Court backs sex offender ordinance in Palm Bay
Appellate court releases ruling saying ordinance does not violate offenders' constitutional rights
PALM BAY, Fla. – There is a major victory for a Central Florida city looking to impose tougher restrictions on sex offenders.
Palm Bay's sex offender ordinance has been debated many times at city hall. Some say it puts too many restrictions on sex offenders, but Friday an appellate court released a ruling saying the ordinance does not violate offenders' constitutional rights.
A 41-year-old Palm Bay man who didn't want to be identified said he was labeled a sex offender at 18. More than 20 years later, the label still haunts him.
"This one thing is going to be with me the rest of my life," he said. "I don't know why Palm Bay is so strict."

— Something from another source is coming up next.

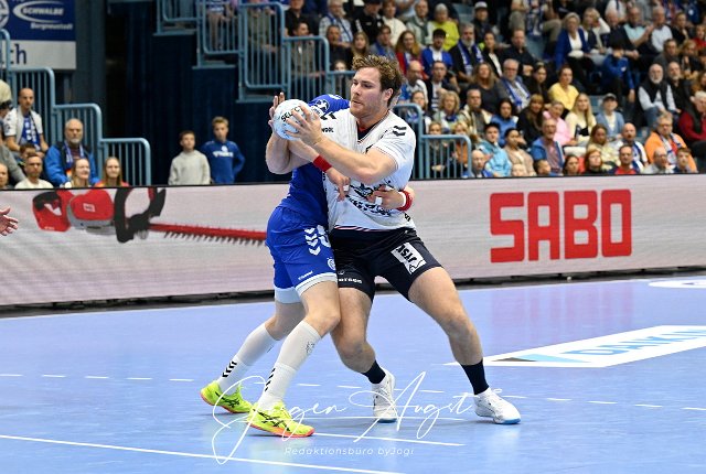 Johannes Golla (SG Flensburg-Handewitt 4) gegen Ellidi Vidarsson (VfL Gummersbach 4) VfL Gummersbach vs. SG Flensburg Handewitt, Handball, Daikin 1. Bundesliga, 5. Spieltag, Spielzeit 2024-2025, Schwalbe Arena Gummersbach, 06.10.2024 Foto: Eibner-Pressefoto/Juergen Augst |

Florida law states a sex offender may not reside within 1,000 feet of any school, child care facility, park or playground if the victim was under 18.
Palm Bay's ordinance goes further and prohibits sex offenders from making deliveries or performing work at any residence, school or any place where children or vulnerable adults may reside.
A Local 6 investigation last fall found more than one sex offender working for a company delivering pizza's in Orange County. In Palm Bay, depending on who lived in those homes, they would have broken the law.
"They shouldn't be able to do that," Annette Huggins told Local 6.
Huggins lives in Palm Bay and doesn't believe the ordinance is too restrictive.
"It's not strict enough," she said.
A Palm Bay sex offender sued the city, saying the ordinance was unconstitutional, but an appellate court Friday shot down five of the six challenges.
The court did take issue with one word in the ordinance, when talking about where offenders are prohibited from making deliveries or doing work. It says any place where children or young adults may reside. The court said that could be virtually every residence in the city. As long as they remove that word, the ordinance remains.